Top of Supplied records
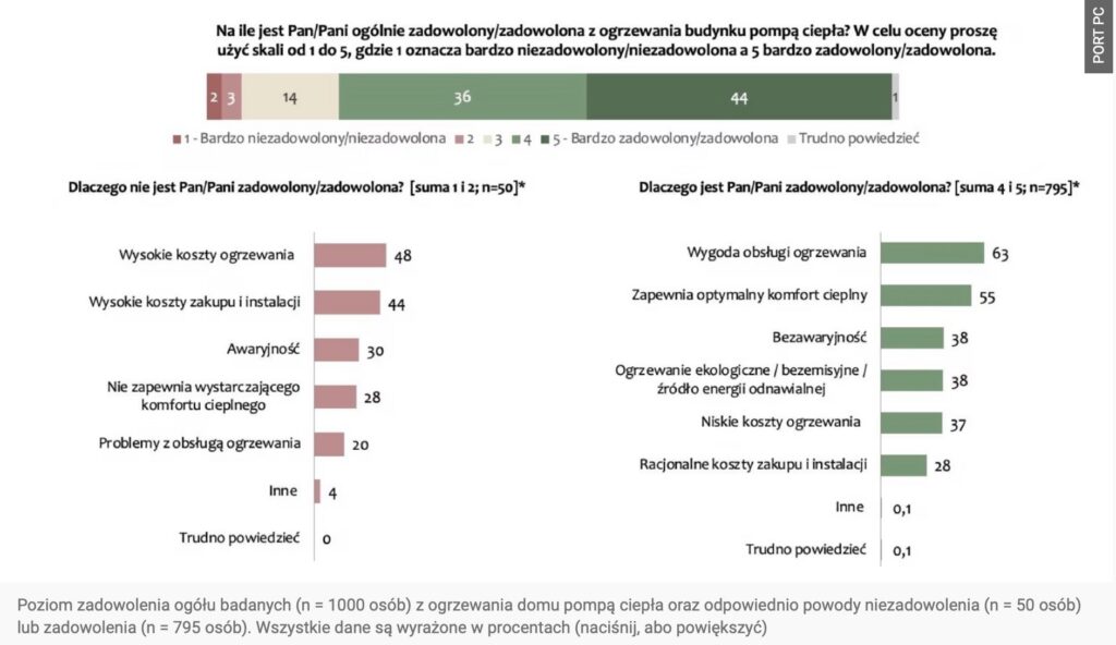„Dla porównania – w innym polskim badaniu, zrealizowanym w kwietniu 2025 przez Instytut Ekonomii Środowiska, ale tym razem na reprezentatywnej grupie 1000 użytkowników różnych technologii grzewczych, 85 proc. respondentów korzystających z pomp ciepła uznało, że to najlepsze źródło ogrzewania dla domu. Natomiast spośród użytkowników kotłów na pellet 70 proc. wskazało, że kocioł na pellet to najlepsze rozwiązanie, a spośród użytkowników kotłów gazowych – 61 proc. wybrało kotły gazowe. Satysfakcja z zastosowania pomp ciepła jest więc zdecydowanie najwyższa” – chwali się PORT PC.
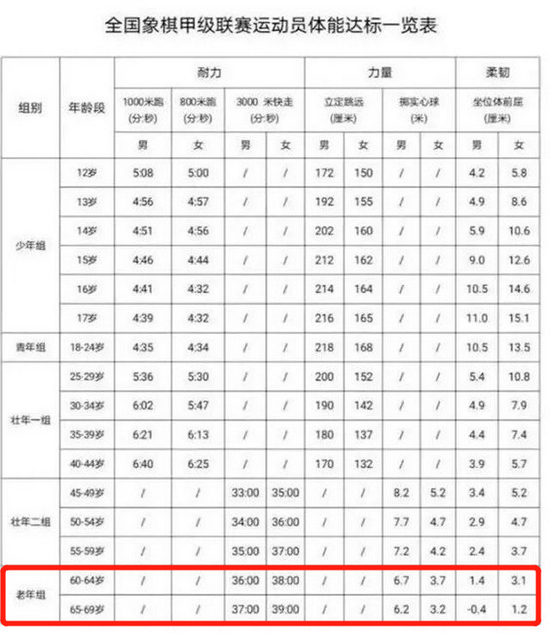 棋类运动需要适当的身体素质的锻炼,这能理解。但不同体育项目和级别应该科学制定,你让69岁的大爷快走3000米+投掷实心球6.2米以上,是不是太难了?
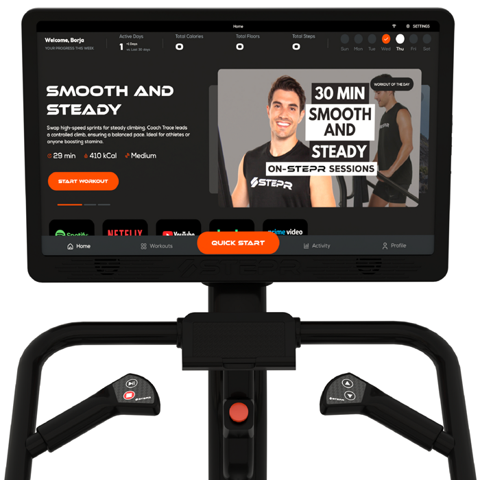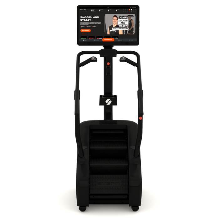 The STEPR+ is a cutting-edge stair climber, offering an intense yet low-impact workout with speeds reaching up to 140 steps per minute. Its sleek, compact design allows it to fit seamlessly into any room of the home. Equipped with a 27" HD touchscreen, you can stream your favorite apps, take scenic routes, or access on-demand classes instantly—all without a subscription.
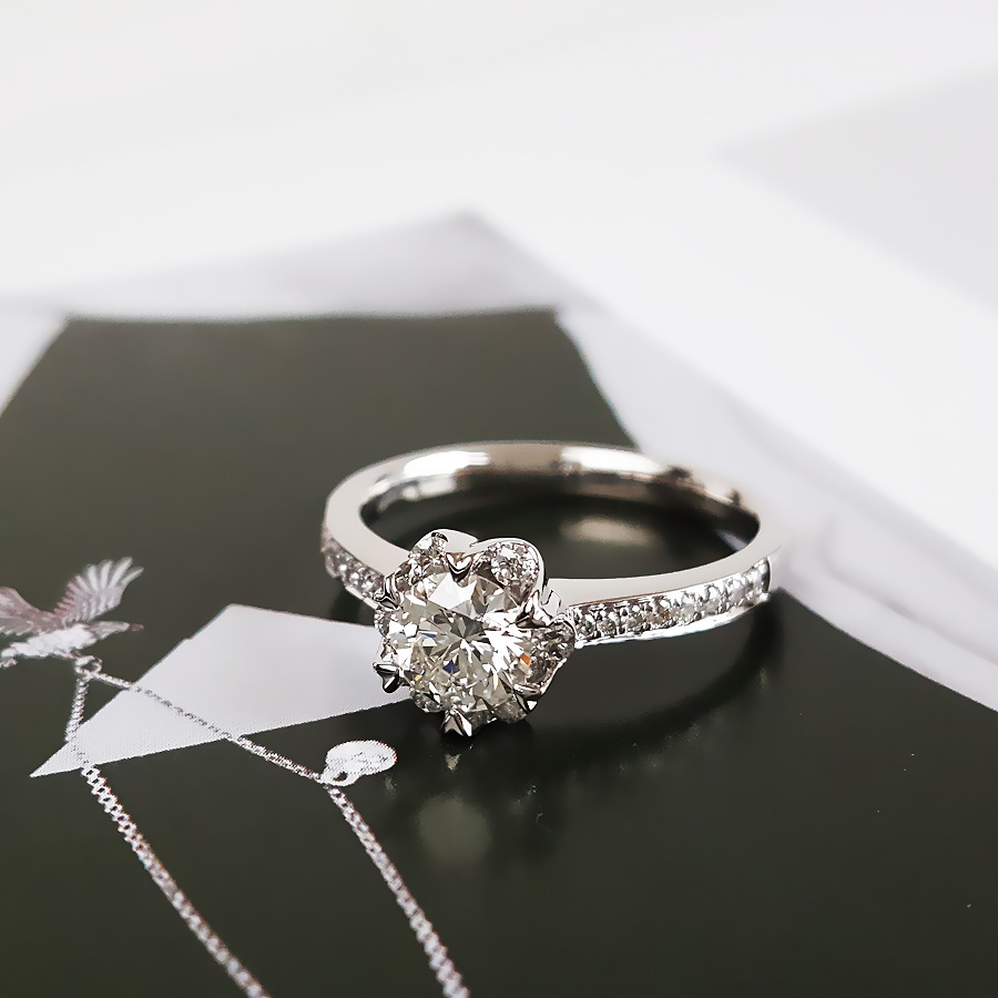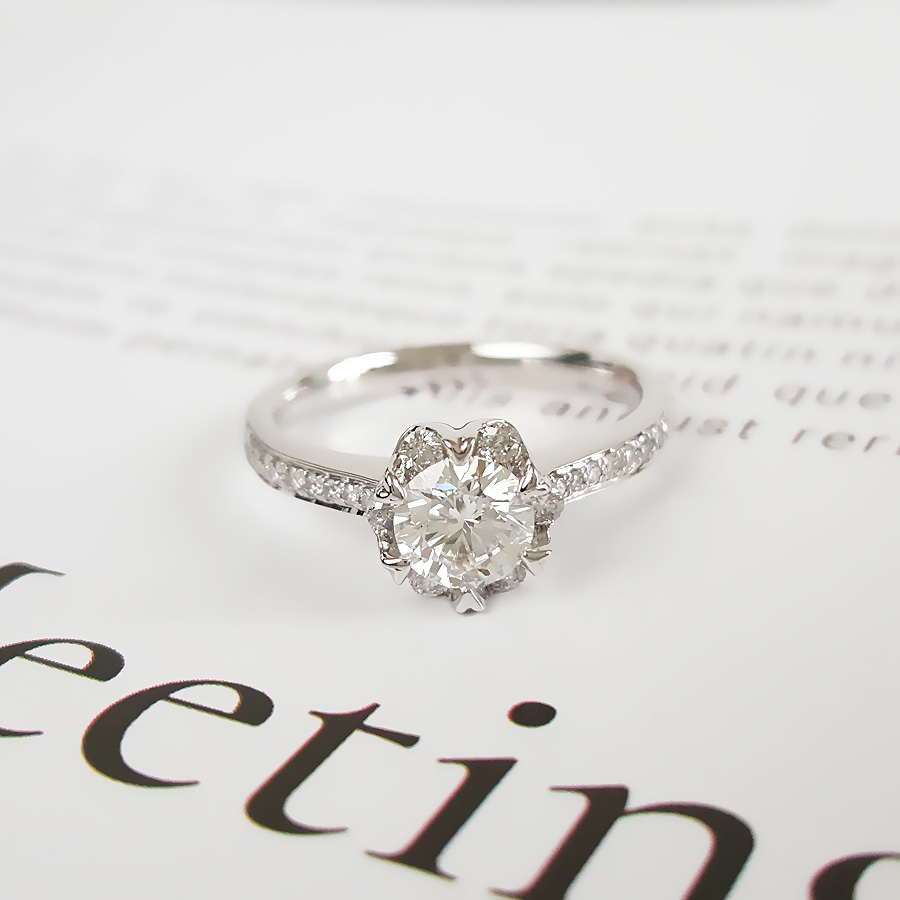 款式 | AU750白金时尚简约六爪款花朵造型0.60克拉钻石戒指 |
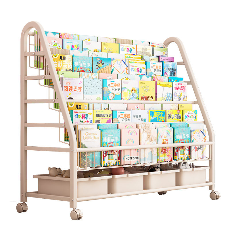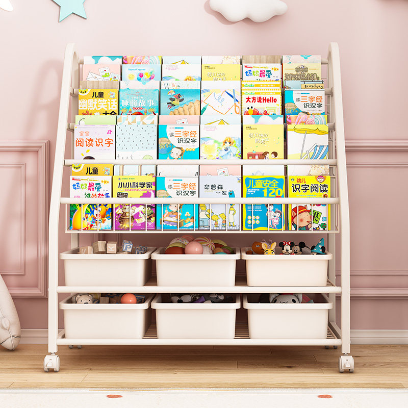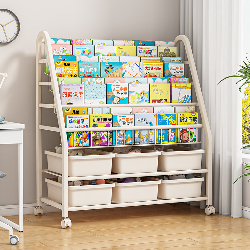 儿童书架家用绘本架可移动玩具收纳架一体靠墙简易书柜置物架落地
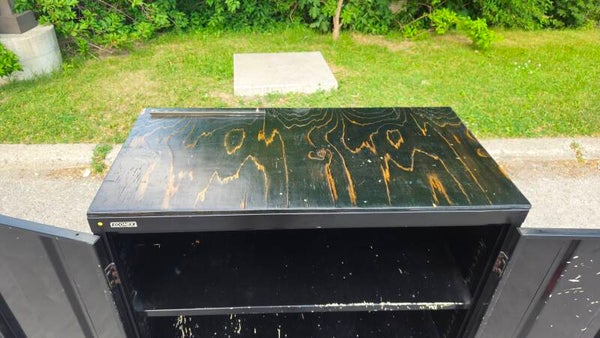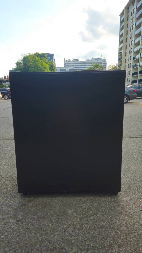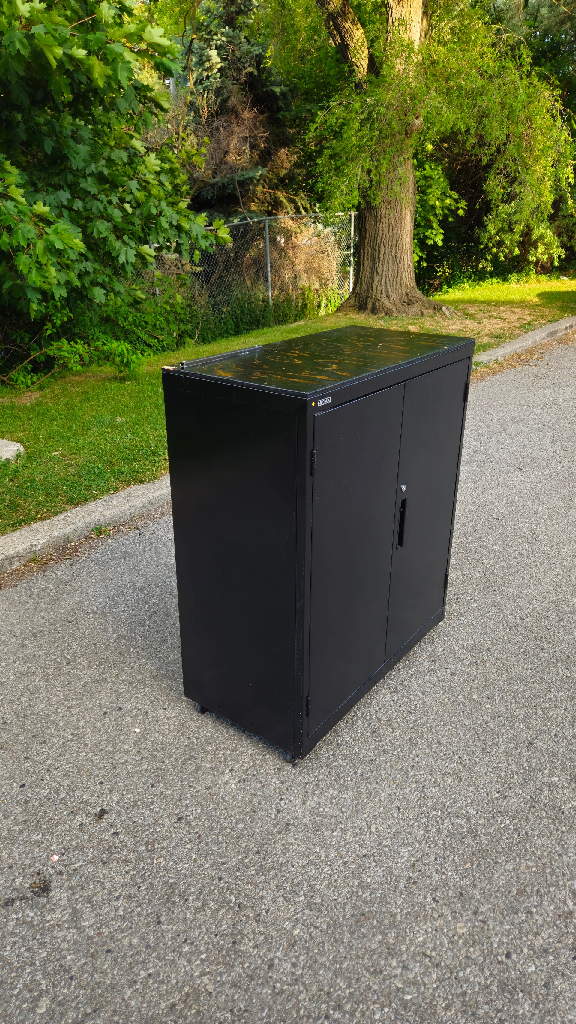 This black metal cabinet is a robust storage solution for any workspace or garage. It's fully functional and ready to organize your tools or supplies.
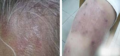 皮损可形成多种形态,如点滴状,钱币状,斑片状,地图状,环状,头部可呈帽盔状。少数皮损有渗出,干燥后形成污褐色鳞屑痂呈砺壳状,称为砺壳状银屑病,患者有不同程度的瘙痒。皮损以头皮、四肢伸侧,如膝前肘后好发,亦可泛发于全身各处。对称分布,少数病例皮损长期局限于某一部位,如,头皮、外阴或小腿等处,呈肥厚斑块状,称为慢性肥厚银屑病。发生于头皮者,皮损境界清楚,表面厚积鳞屑,头发呈束状,但无脱发和断发现象,皱裂部银屑病呈境界分明的炎性红斑,鳞屑较薄或缺如,常因摩擦、潮湿、多汗而致浸渍,皱裂或湿疹样变,掌跖部银屑病少见,为境界清楚的棕黄色角化斑,或点滴状角化过度,周围有红晕,斑上可有白色鳞屑或点状凹陷,易形成皱裂,口唇及龟头部银屑病,边界清楚的淡红色或者灰白色浸润斑,刮之可见白色鳞屑及点状出血。指(趾)甲银屑病多见,甲板常有"顶针样"凹陷,失去光泽,可出现纵脊,横裂、肥厚,甚至破坏脱落。
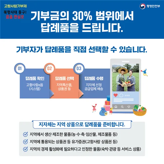 ✔답례품 : 기부금액의 30%(예 : 10만원 기부시 3만원 상당 답례품)
Bottom of Supplied records
== What is required ==
The records above must all be output exactly. Omit the images.

== Answer area ==
„Dla porównania – w innym polskim badaniu, zrealizowanym w kwietniu 2025 przez Instytut Ekonomii Środowiska, ale tym razem na reprezentatywnej grupie 1000 użytkowników różnych technologii grzewczych, 85 proc. respondentów korzystających z pomp ciepła uznało, że to najlepsze źródło ogrzewania dla domu. Natomiast spośród użytkowników kotłów na pellet 70 proc. wskazało, że kocioł na pellet to najlepsze rozwiązanie, a spośród użytkowników kotłów gazowych – 61 proc. wybrało kotły gazowe. Satysfakcja z zastosowania pomp ciepła jest więc zdecydowanie najwyższa” – chwali się PORT PC.
 棋类运动需要适当的身体素质的锻炼,这能理解。但不同体育项目和级别应该科学制定,你让69岁的大爷快走3000米+投掷实心球6.2米以上,是不是太难了?
 The STEPR+ is a cutting-edge stair climber, offering an intense yet low-impact workout with speeds reaching up to 140 steps per minute. Its sleek, compact design allows it to fit seamlessly into any room of the home. Equipped with a 27" HD touchscreen, you can stream your favorite apps, take scenic routes, or access on-demand classes instantly—all without a subscription.
 款式 | AU750白金时尚简约六爪款花朵造型0.60克拉钻石戒指 |
 儿童书架家用绘本架可移动玩具收纳架一体靠墙简易书柜置物架落地
 This black metal cabinet is a robust storage solution for any workspace or garage. It's fully functional and ready to organize your tools or supplies.
 皮损可形成多种形态,如点滴状,钱币状,斑片状,地图状,环状,头部可呈帽盔状。少数皮损有渗出,干燥后形成污褐色鳞屑痂呈砺壳状,称为砺壳状银屑病,患者有不同程度的瘙痒。皮损以头皮、四肢伸侧,如膝前肘后好发,亦可泛发于全身各处。对称分布,少数病例皮损长期局限于某一部位,如,头皮、外阴或小腿等处,呈肥厚斑块状,称为慢性肥厚银屑病。发生于头皮者,皮损境界清楚,表面厚积鳞屑,头发呈束状,但无脱发和断发现象,皱裂部银屑病呈境界分明的炎性红斑,鳞屑较薄或缺如,常因摩擦、潮湿、多汗而致浸渍,皱裂或湿疹样变,掌跖部银屑病少见,为境界清楚的棕黄色角化斑,或点滴状角化过度,周围有红晕,斑上可有白色鳞屑或点状凹陷,易形成皱裂,口唇及龟头部银屑病,边界清楚的淡红色或者灰白色浸润斑,刮之可见白色鳞屑及点状出血。指(趾)甲银屑病多见,甲板常有"顶针样"凹陷,失去光泽,可出现纵脊,横裂、肥厚,甚至破坏脱落。
 ✔답례품 : 기부금액의 30%(예 : 10만원 기부시 3만원 상당 답례품)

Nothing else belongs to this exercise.